Segment Open

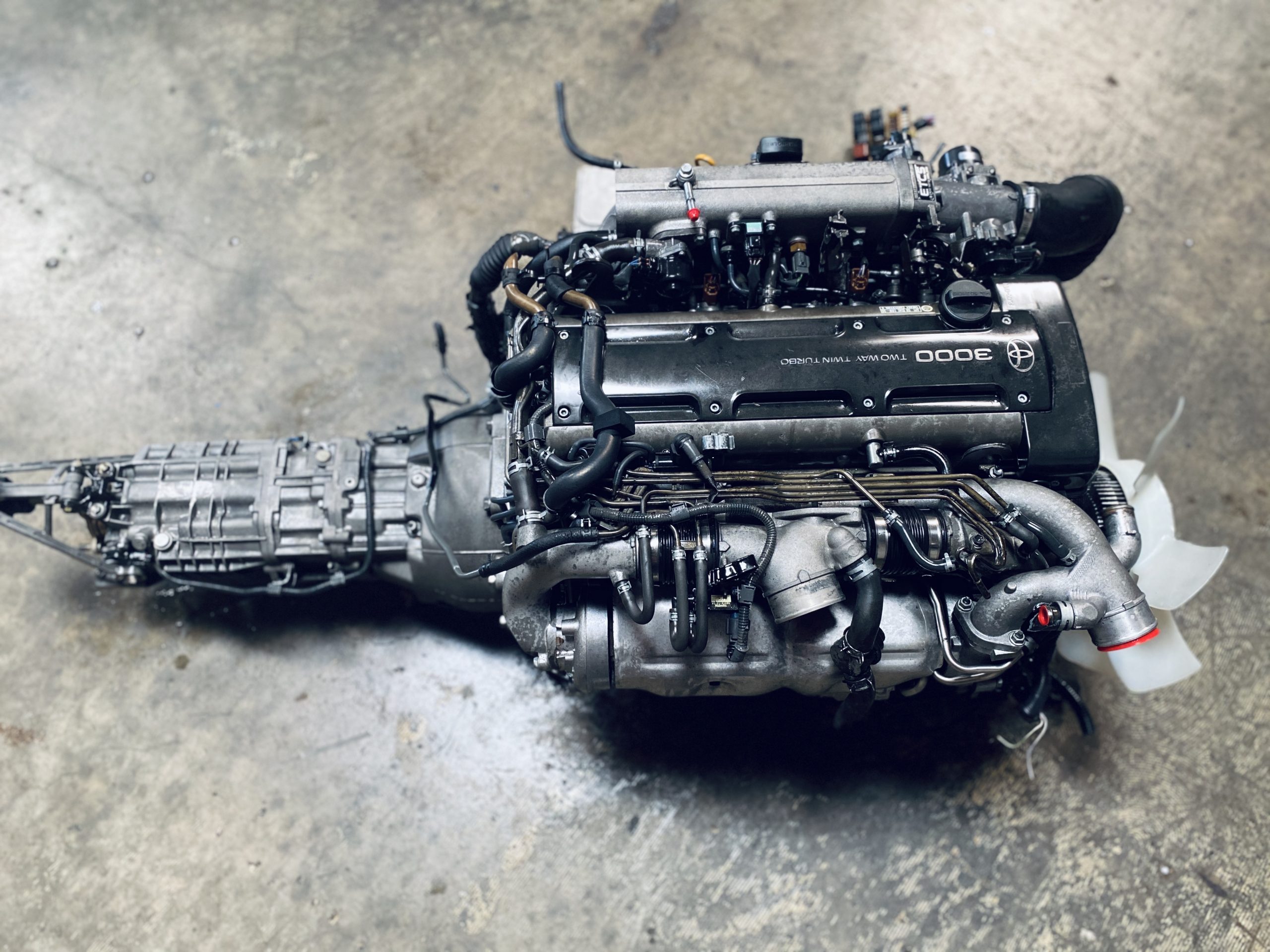 – Genuine Low Mileage Used Complete 2JZGTE Non-VVTi Twin Turbo Rear Sump 3.0L Engine with V160 Getrag 6 Speed Manual Transmission MK4 JZA80 Toyota Supra.
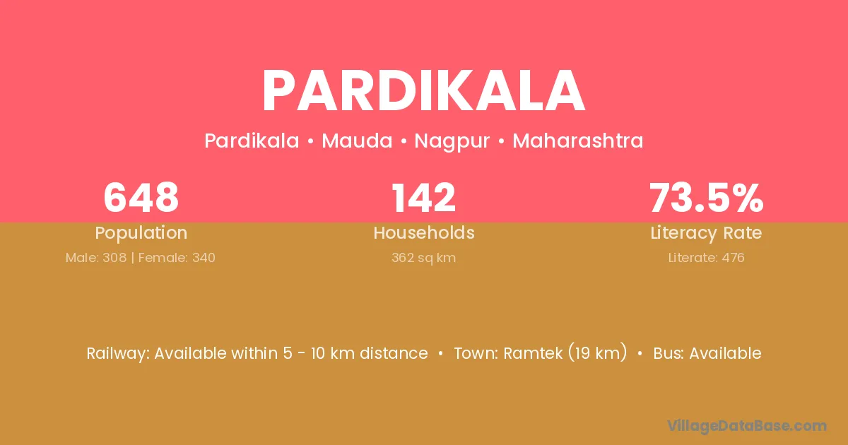 Ramtek (19 km) is the nearest town to Pardikala village for major economic activities and is located approximately 19 km away.
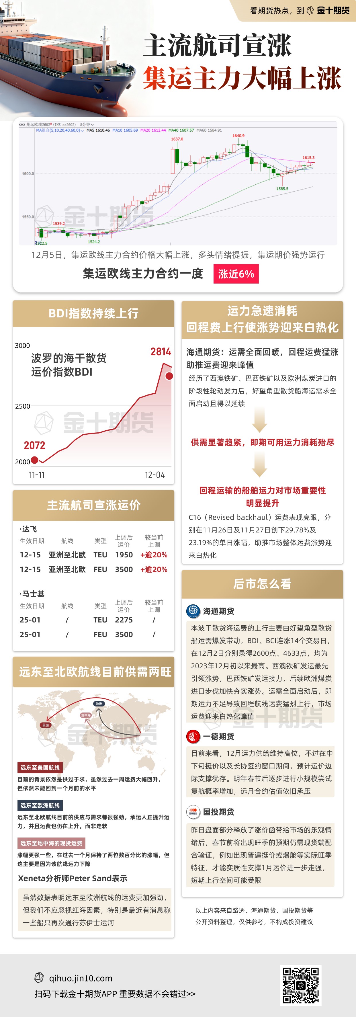 12月5日,集运欧线主力合约大幅走高,多头情绪提振,集运市场发生了什么?一图了解。
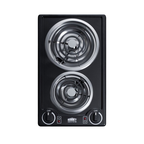 Summit offers an extensive selection of slim-fitting cooktops designed and manufactured in the USA. The CCE212BL is a 115V cooktop with a porcelain surface in a jet black finish. Two coil elements 6in 600W in front and 8in 900W in rear offer durable heating, with removable chrome drip pans included. The push-to-turn knobs are simple and intuitive, with indicator lights that show which burner is in use for added safety. The recessed design helps to contain spills for a cleaner cooking experience. This cooktop includes a 3-pronged 4' long power cord for convenient installation. It is designed to fit common 11-1/8in W x 19-1/8in D counter cutouts. Additional choices are available in white and stainless steel, as well as radiant, induction, and gas cooktops in similar sizes. Browse our website for our complete selection of slim-fitting cooking appliances.

Segment Closed

* [TASK OBJECTIVE] Restate the data word for word from its first line through the line with "12月5日,集运欧线主力合约", leaving out any picture along the way.

* [YOUR RESPONSE]
 – Genuine Low Mileage Used Complete 2JZGTE Non-VVTi Twin Turbo Rear Sump 3.0L Engine with V160 Getrag 6 Speed Manual Transmission MK4 JZA80 Toyota Supra.
 Ramtek (19 km) is the nearest town to Pardikala village for major economic activities and is located approximately 19 km away.
 12月5日,集运欧线主力合约大幅走高,多头情绪提振,集运市场发生了什么?一图了解。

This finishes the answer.